The same authors further address the subject in a recent draft (September) of their working paper “Where in the World Are ‘Permanently Reinvested’ Foreign Earnings?” They find that fully “95% of PRE is located in affiliates that would require recognition of an expected repatriation tax expense.” The working paper looked at 10 years’ worth of financial statements and data on foreign-affiliate assets.
The stakes in using PRE can be high. If a company fails to account for its earnings abroad as PRE and instead attempts to bring the cash back into the States, it could be taxed at the corporate rate of 35%. But if the company was already in a high-tax foreign jurisdiction, the U.S. government would consider some of its liability already paid and it could pay as little as a 20% rate, depending on the jurisdiction. PRE becomes a source of public concern when companies need to use those funds in the U.S. or when they disguise any part of the earnings as something else.
Where Are the Earnings?
The studies support what many critics have been saying about the motivation to use PRE. The authors say that parent companies face pressure to consistently report strong earnings numbers, which is a reason for using PRE, since paying less in taxes can help a company look better on paper.
Lewis Kevelson, partner in the tax and business-services division of accounting advisory Marcum, sees immediate benefits to companies’ bottom lines from using the accounting designation. “In order to avoid an income tax expense on a financial statement, they take the position that the funds are being permanently reinvested to grow the business. That helps from the standpoint of keeping the profits as high as possible for financial-statement purposes,” he says.
But that may not be good news for investors in those companies. Since most multinationals account for PRE in the footnotes of financial statements, the figure can be hard to decipher. Companies report the aggregate amount of the calculation across all foreign affiliates and seldom report the expected tax liability associated with repatriating those earnings to the U.S.
“Because there’s this game that goes on, people just wonder what this label [PRE] means,” adds Dartmouth professor Leslie Robinson, one of the authors. “PRE in an ideal world is supposed to represent the investment opportunities that the firm has abroad.”

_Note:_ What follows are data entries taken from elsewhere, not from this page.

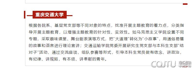 根据各院系、基层党支部等不同对象的特点,找准开展主题教育的着力点,分类指导开展主题教育,以增强主题教育的针对性、实效性。如马克思主义学院设置不同专题,采取趣味课堂、舞台剧表演等方式,把“大道理”转化为“小故事”,用通俗易懂的故事和语言进行理论宣讲;交通运输学院党委开展研究生党支部与本科生支部“结对子”活动,通过交流座谈、组队参赛等形式,引导本科生党员做有信念、讲政治,有纪律、讲规矩,有本领、讲奉献的青年。
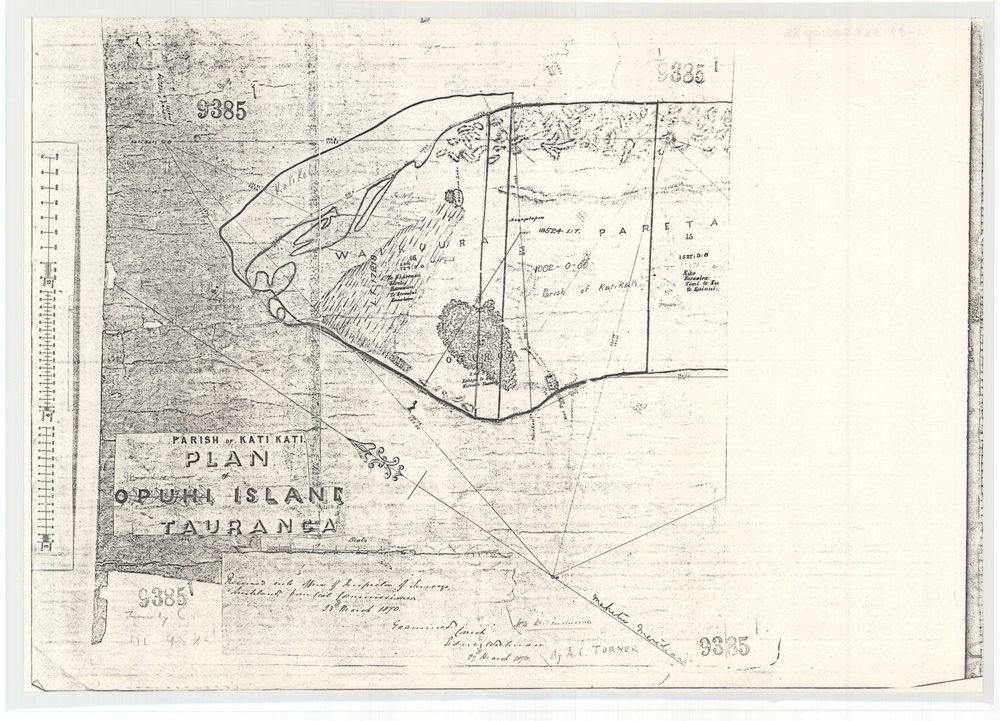 Land Information New Zealand: Toitū te whenua, Plan of Opuhi Island: 9385 (1870). Pae Korokī, accessed 27/03/2026, https://paekoroki.tauranga.govt.nz/nodes/view/32917
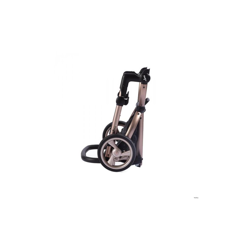 Podvozek je vybaven předními otočnými koly s možností aretace, která zaručují snadné manévrování a pohodlnou jízdu. Podvozek se velmi jednoduše skládá do kompaktního tvaru pro přenášení či převážení autem. Nastavitelná rukojeť pak umožňuje pohodlné tlačení kočárku bez ohledu na výšku rodiče. Podvozek má dva uzavíratelné košíky, které nabízejí dostatek prostoru pro ukládání nezbytných potřeb pro dítě.
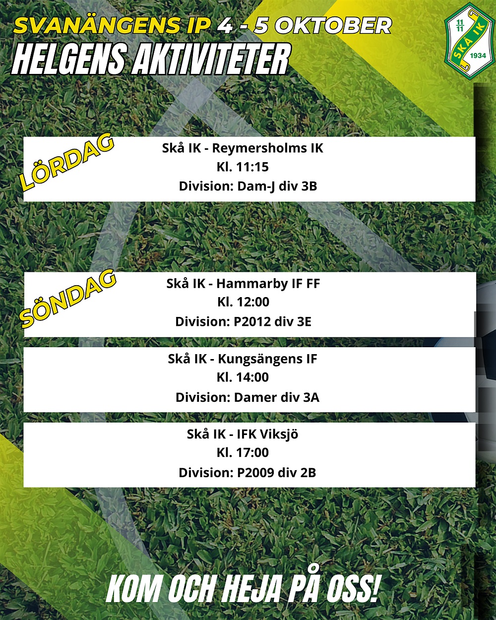 Här kommer helgens hållpunkter på Svanängens IP – en plats full av fotboll, gemenskap och glädje! ⚽💛💚 Se bild för hela schemat.
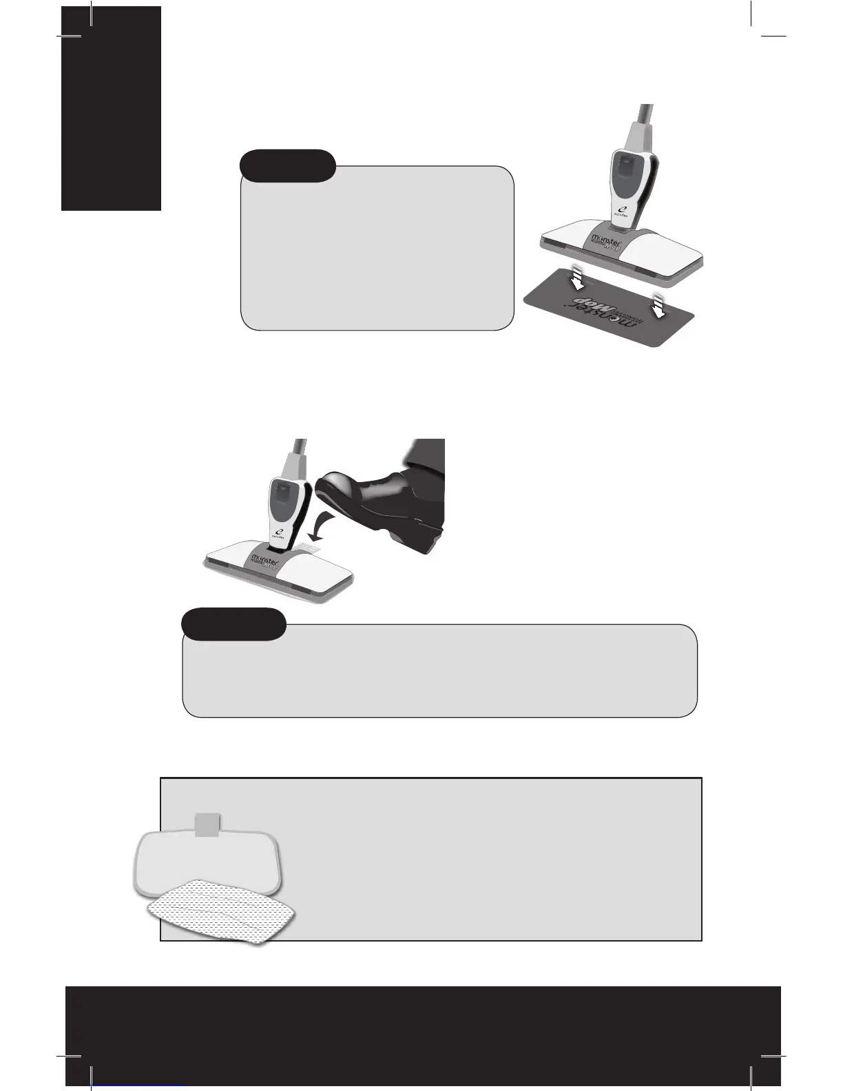 a dry, clean pad to the Monster Mop Base. To prevent oor damage,

The problem, she notes, is that “investors don’t know where those earnings are or what the tax liability associated with them is.” Firms, she says, routinely say it’s too hard to estimate the tax that would be due even though multinationals must report the amount of PRE and an estimate of the repatriation tax liability in their financial-statement footnotes. Without this estimate, says Robinson, “investors have no idea how costly it is for the firm to get at its own cash.”
Send Back the Cash
Investors will likewise want to know where those funds are held, notes Robinson; if they knew PRE was left in cash, they would presumably want some of it sent back to them in the form of a dividend, she says.
The authors’ working paper found that the proportion of PRE held in cash was higher in company affiliates operating in low-income-tax jurisdictions. This is an important finding, since knowing whether PRE is held in cash rather than other assets is crucial for tax-policy reform, says Robinson. Indeed, members of Congress have harped on the notion of unused cash sitting untaxed abroad.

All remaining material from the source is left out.